The `iad-ci` cluster is a private Rackspace Spot cluster accessed via kubectl-proxy over Tailscale. External forks do not have credentials to access this cluster, so they cannot self-serve CI runs. This is unusual, but it allows us to run CI on infrastructure we control without exposing cluster credentials publicly.

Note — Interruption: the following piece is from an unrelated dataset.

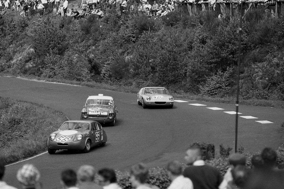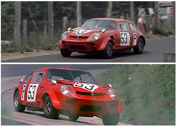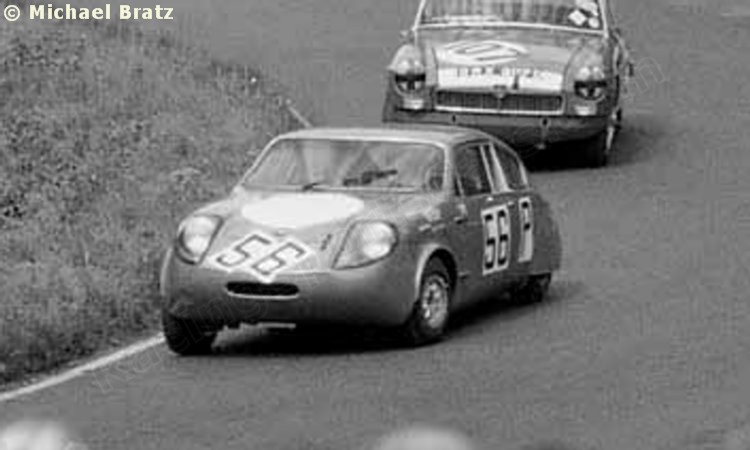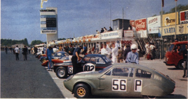 Car 55: The streamlined Mini Marcos driven by F.L.I.R.T. girls Joey Cook (centre) and Jackie Bond-Smith (right) who retired with an engine failure after 24 laps. (Werner Ullrich, Andrew Griffiths) Car 56: The streamlined Mini Marcos of Mike Garton (GB) and Patrick McNally (AUS) which finished 18th overall, first in class and only 8 laps behind the winning Porsche 910. Centre: No. 56 leads the Julien Vernaeve/Clive Baker MGB and Chris Barber’s Lotus 47 which was driven by Keith Greene and John Hine. (R: Werner Ullrich, M. Bratz) |
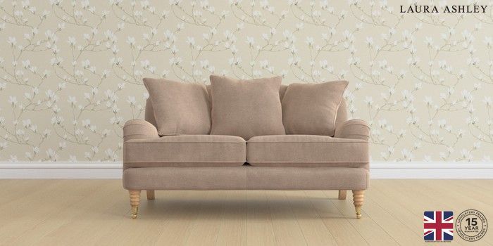 6.12.1 Buy Lynden Scatter Back by Laura Ashley 2 Seater Small Sofa Ailsworth Mink Natural Ornate Brass Castor - Light Oak from the Laura Ashley online shop Click here to use our website with more accessibility support, for example screen readers

### Local Validation is Critical
Since you cannot trigger CI yourself, **please run the full local validation checklist** before opening your PR. This minimizes back-and-forth cycles when the maintainer-triggered CI fails.
## Pull Request Template
All pull requests must follow the [PR template](.github/PULL_REQUEST_TEMPLATE.md). The template requires:
- **Linked issue or RFC** — Every PR should reference an issue or design document
- **Scope statement** — Which Phase / which Acceptance Scenario does this address?
- **Test plan** — How did you verify this works?
- **Manual-test evidence** — Screenshots, terminal output, or example runs
- **Performance impact** — If hot-path code was touched, include benchmark results
## Commit Message Style
This project uses **Conventional Commits** for commit messages. Release notes are auto-generated from commit history using `git-cliff`.
### Format
```
<type>(<scope>): <short summary>
[optional body]
[optional footer]
```
### Types
- `feat:` — A new feature
- `fix:` — A bug fix
- `perf:` — A performance improvement
- `docs:` — Documentation changes
- `chore:` — Maintenance tasks (updates, refactoring, tooling)
- `test:` — Test changes
- `BREAKING CHANGE:` — A breaking change (include in body or footer)
### Examples
```bash
feat(ocr): add Tesseract integration for phase 5
fix(font): handle missing /Widths in Type 3 fonts
perf(extract): cache page tree parsing results
docs(contributing): add Argo-CI caveat section
chore(deps): upgrade lodepng to 0.9.0
```
## Issue Triage
We use issue templates to ensure all necessary information is provided upfront. When opening an issue, please use the appropriate template:
- **Bug report** — Must include `pdftract doctor` output
- **Feature request** — Describe the use case and proposed API
- **Performance regression** — Include before/after benchmarks
- **Security advisory** — Redirects to private disclosure (see [Reporting Security Issues](#reporting-security-issues))
See [`.github/ISSUE_TEMPLATE/`](.github/ISSUE_TEMPLATE/) for the full list.
## Getting Help
- **Documentation:** Check [`docs/`](docs/) for design docs and ADRs
- **Issues:** Search existing issues before opening a new one
- **Discussions:** Use GitHub Discussions for questions and RFCs
- **Security:** See [SECURITY.md](SECURITY.md) for vulnerability reporting
Thank you for contributing to pdftract!